--- PROVIDED RECORDS Enclosed Below ---
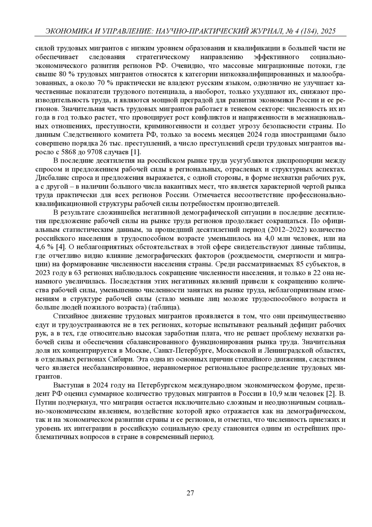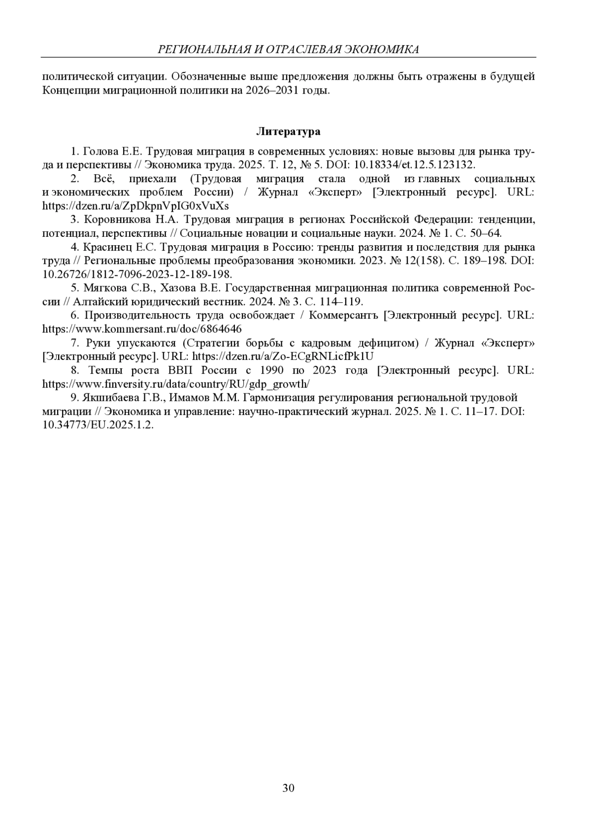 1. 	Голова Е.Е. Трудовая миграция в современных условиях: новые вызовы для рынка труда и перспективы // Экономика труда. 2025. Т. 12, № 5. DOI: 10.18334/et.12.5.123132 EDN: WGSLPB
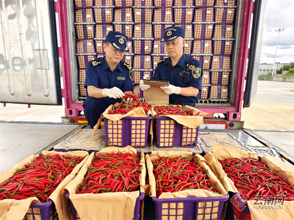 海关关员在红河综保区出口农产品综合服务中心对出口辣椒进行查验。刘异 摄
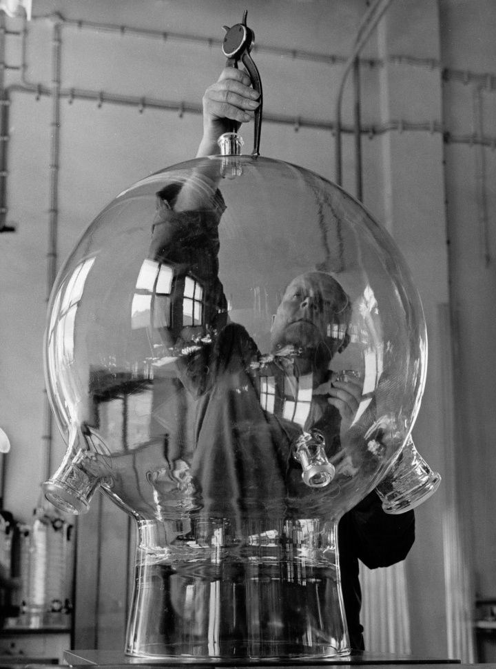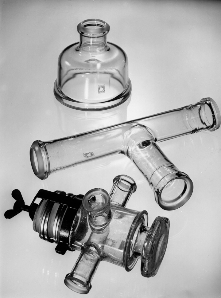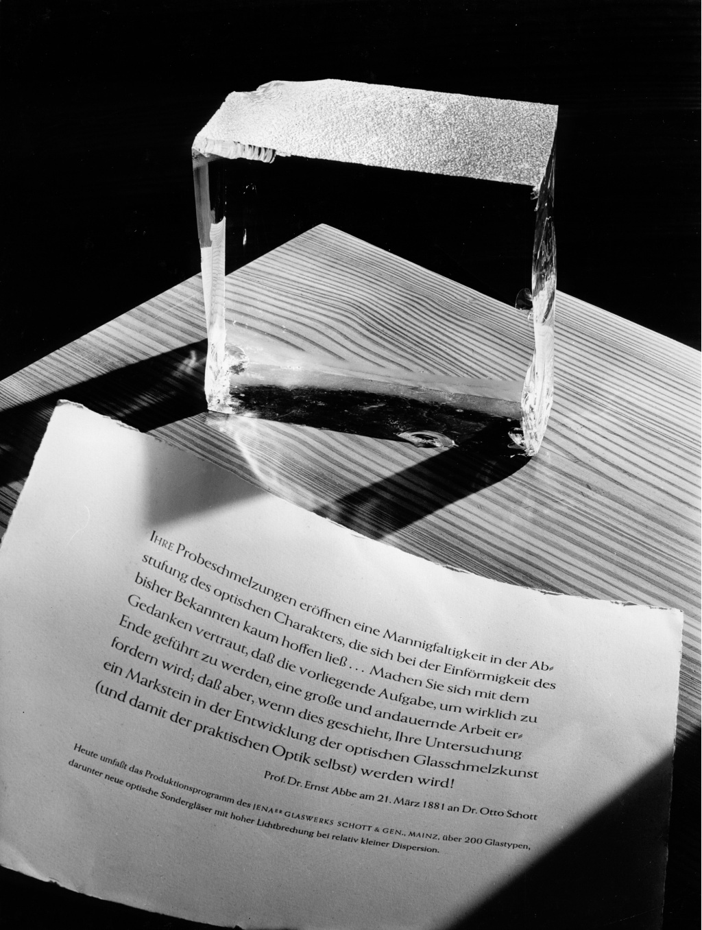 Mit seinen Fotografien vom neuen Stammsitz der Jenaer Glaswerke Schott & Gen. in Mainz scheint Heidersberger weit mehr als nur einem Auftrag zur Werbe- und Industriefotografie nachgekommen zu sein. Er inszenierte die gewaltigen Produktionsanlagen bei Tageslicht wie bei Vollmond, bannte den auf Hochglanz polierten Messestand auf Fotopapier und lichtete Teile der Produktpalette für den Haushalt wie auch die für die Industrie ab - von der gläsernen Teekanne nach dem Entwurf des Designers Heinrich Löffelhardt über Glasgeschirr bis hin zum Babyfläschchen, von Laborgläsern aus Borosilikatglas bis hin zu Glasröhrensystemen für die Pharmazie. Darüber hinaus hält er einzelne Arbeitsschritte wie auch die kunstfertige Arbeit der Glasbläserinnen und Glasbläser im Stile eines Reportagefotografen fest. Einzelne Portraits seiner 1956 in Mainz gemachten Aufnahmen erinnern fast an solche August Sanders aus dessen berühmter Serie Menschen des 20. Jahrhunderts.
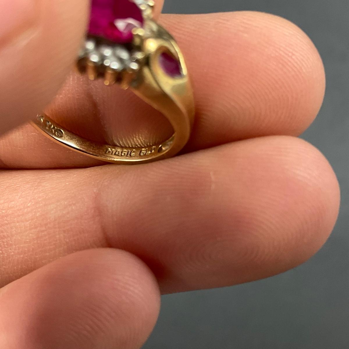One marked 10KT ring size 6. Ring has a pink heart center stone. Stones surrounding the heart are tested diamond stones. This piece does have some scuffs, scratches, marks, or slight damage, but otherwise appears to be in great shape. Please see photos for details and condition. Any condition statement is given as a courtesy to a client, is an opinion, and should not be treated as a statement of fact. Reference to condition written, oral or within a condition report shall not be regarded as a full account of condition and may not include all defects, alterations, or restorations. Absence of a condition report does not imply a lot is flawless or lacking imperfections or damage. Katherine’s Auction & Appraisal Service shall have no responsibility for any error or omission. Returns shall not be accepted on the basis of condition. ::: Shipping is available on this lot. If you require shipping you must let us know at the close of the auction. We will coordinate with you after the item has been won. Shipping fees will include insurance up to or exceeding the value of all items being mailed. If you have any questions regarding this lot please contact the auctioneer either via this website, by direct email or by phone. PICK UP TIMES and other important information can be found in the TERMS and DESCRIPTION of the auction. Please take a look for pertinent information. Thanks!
--- End of Enclosed PROVIDED RECORDS ---
--- PROVIDED RECORDS Enclosed Below ---
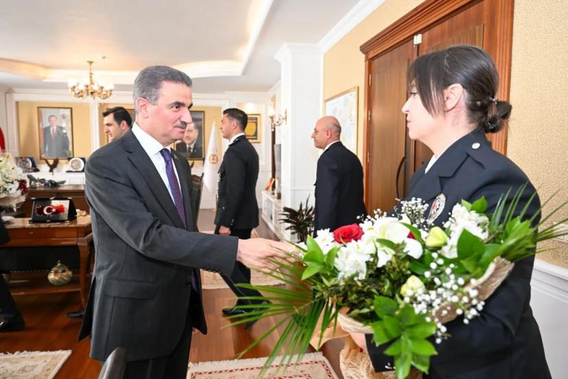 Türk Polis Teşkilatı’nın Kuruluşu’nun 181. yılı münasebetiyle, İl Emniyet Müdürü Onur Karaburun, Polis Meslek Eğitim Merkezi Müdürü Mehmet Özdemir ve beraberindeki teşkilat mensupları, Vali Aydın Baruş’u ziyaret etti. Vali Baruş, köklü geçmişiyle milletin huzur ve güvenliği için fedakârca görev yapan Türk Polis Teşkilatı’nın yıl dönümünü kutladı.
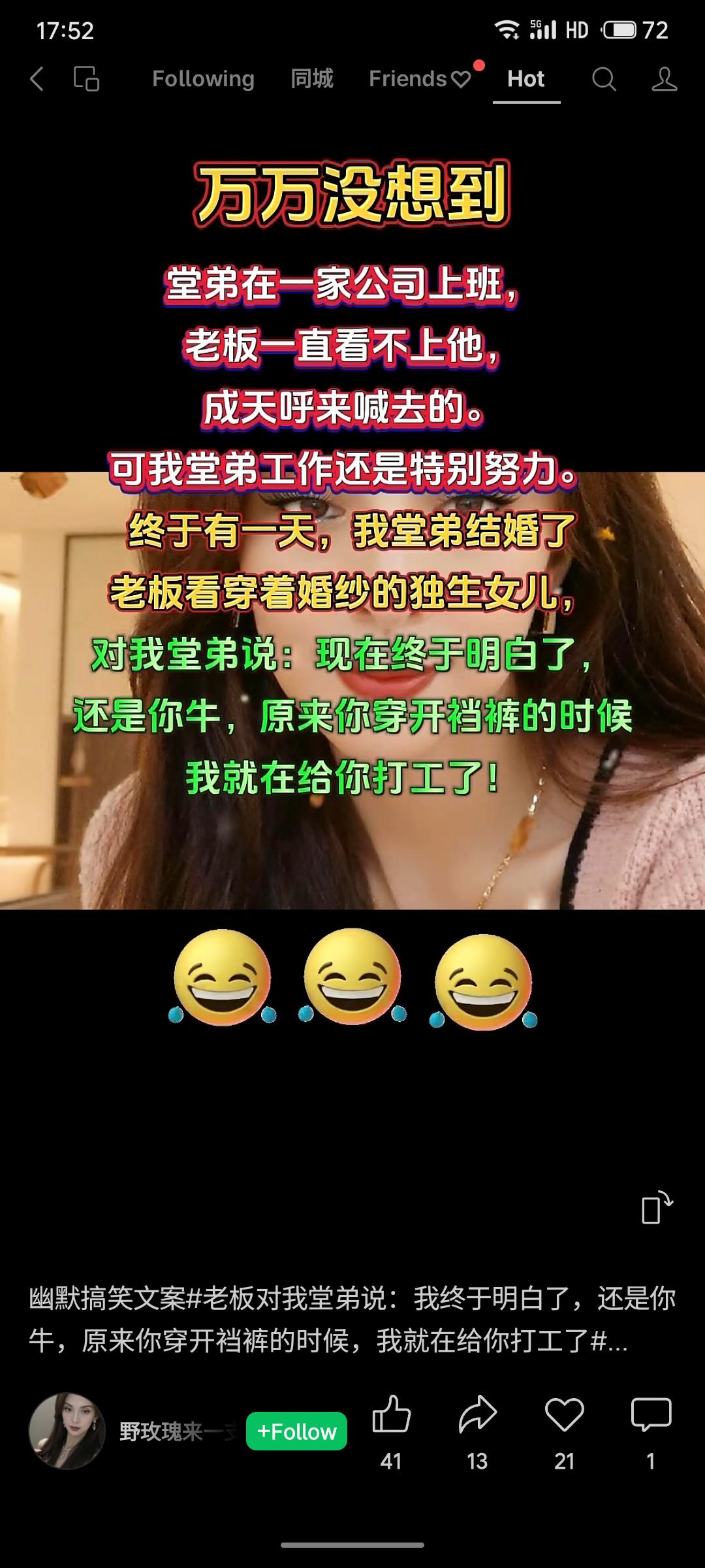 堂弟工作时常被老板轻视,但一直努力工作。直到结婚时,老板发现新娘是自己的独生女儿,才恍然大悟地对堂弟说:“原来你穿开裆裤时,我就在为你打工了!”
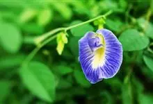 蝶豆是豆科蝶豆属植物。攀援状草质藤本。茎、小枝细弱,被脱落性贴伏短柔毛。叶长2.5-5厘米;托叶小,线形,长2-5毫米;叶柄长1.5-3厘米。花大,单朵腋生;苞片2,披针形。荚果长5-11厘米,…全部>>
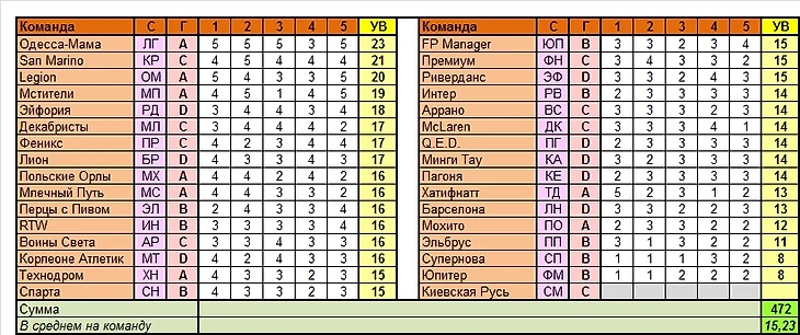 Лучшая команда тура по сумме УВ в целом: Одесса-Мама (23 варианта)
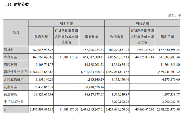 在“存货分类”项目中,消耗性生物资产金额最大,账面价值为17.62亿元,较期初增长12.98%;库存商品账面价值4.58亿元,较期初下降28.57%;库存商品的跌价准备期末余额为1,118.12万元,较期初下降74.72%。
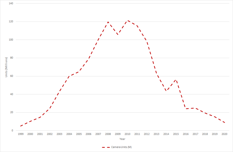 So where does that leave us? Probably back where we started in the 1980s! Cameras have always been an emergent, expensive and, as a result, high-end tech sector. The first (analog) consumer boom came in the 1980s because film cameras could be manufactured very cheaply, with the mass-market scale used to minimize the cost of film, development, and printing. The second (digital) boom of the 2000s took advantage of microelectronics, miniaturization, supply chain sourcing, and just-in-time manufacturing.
--- End of Enclosed PROVIDED RECORDS ---
--- PROVIDED RECORDS Enclosed Below ---
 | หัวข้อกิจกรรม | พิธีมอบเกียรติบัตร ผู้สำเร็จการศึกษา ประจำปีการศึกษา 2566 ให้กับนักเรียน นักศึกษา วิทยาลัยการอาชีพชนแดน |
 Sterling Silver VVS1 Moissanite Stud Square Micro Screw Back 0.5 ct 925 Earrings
--- End of Enclosed PROVIDED RECORDS ---
*ACTION ITEM*
Using the records above, repeat exactly the run of lines that starts with the line with "10.18334/et.12.5.123132 EDN: WGSLPB" and goes on through the line with "海关关员在红河综保区出口农产品综合服务中心对出口辣椒进行查验。刘异 摄"; omit each picture.

*WRITTEN SOLUTION*
 1. 	Голова Е.Е. Трудовая миграция в современных условиях: новые вызовы для рынка труда и перспективы // Экономика труда. 2025. Т. 12, № 5. DOI: 10.18334/et.12.5.123132 EDN: WGSLPB
 海关关员在红河综保区出口农产品综合服务中心对出口辣椒进行查验。刘异 摄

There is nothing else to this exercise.